▶ _Data_
....

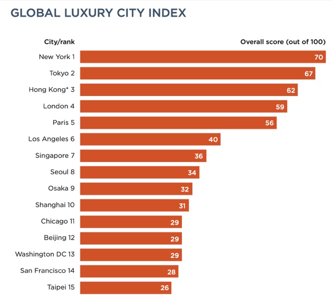排名基于一系列指标,包括:超高净值和超净值人口的目前规模(以及未来五年的预测);高端时尚、手表、珠宝品牌店面数量和质量;以及高档餐厅、五星级酒店和赌场的数量等。
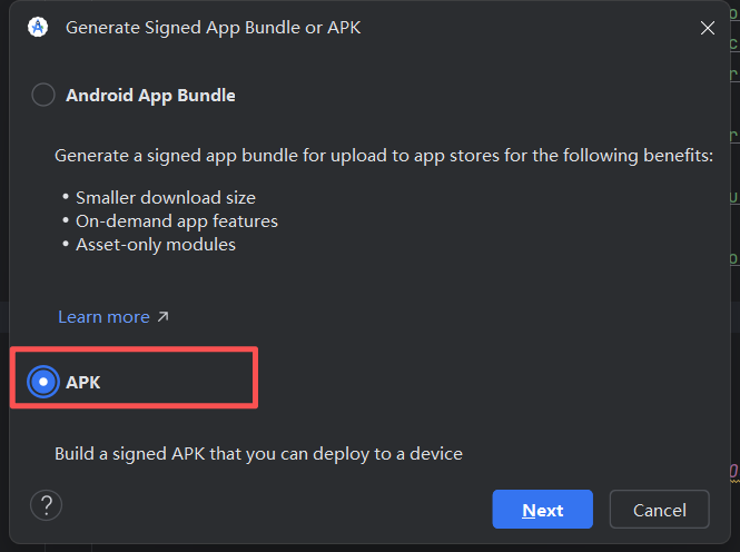 - APK:这是通用的安装包格式,可以直接安装。 建议:为了演示方便,这里我们先选择 APK,点击 Next。
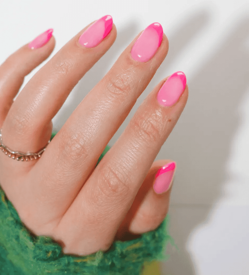 Two-tone neon nails are like a party for your fingertips! Instead of just one bright, neon color, you get two. Imagine mixing and matching different neon shades to create a bold and eye-catching look. This fun style is perfect for anyone who loves bright colors and wants their nails to stand out!

....

▶ _Work instruction_
Leave out the pictures and give the rest of the material again, unaltered.

▶ _Task solution_
排名基于一系列指标,包括:超高净值和超净值人口的目前规模(以及未来五年的预测);高端时尚、手表、珠宝品牌店面数量和质量;以及高档餐厅、五星级酒店和赌场的数量等。
 - APK:这是通用的安装包格式,可以直接安装。 建议:为了演示方便,这里我们先选择 APK,点击 Next。
 Two-tone neon nails are like a party for your fingertips! Instead of just one bright, neon color, you get two. Imagine mixing and matching different neon shades to create a bold and eye-catching look. This fun style is perfect for anyone who loves bright colors and wants their nails to stand out!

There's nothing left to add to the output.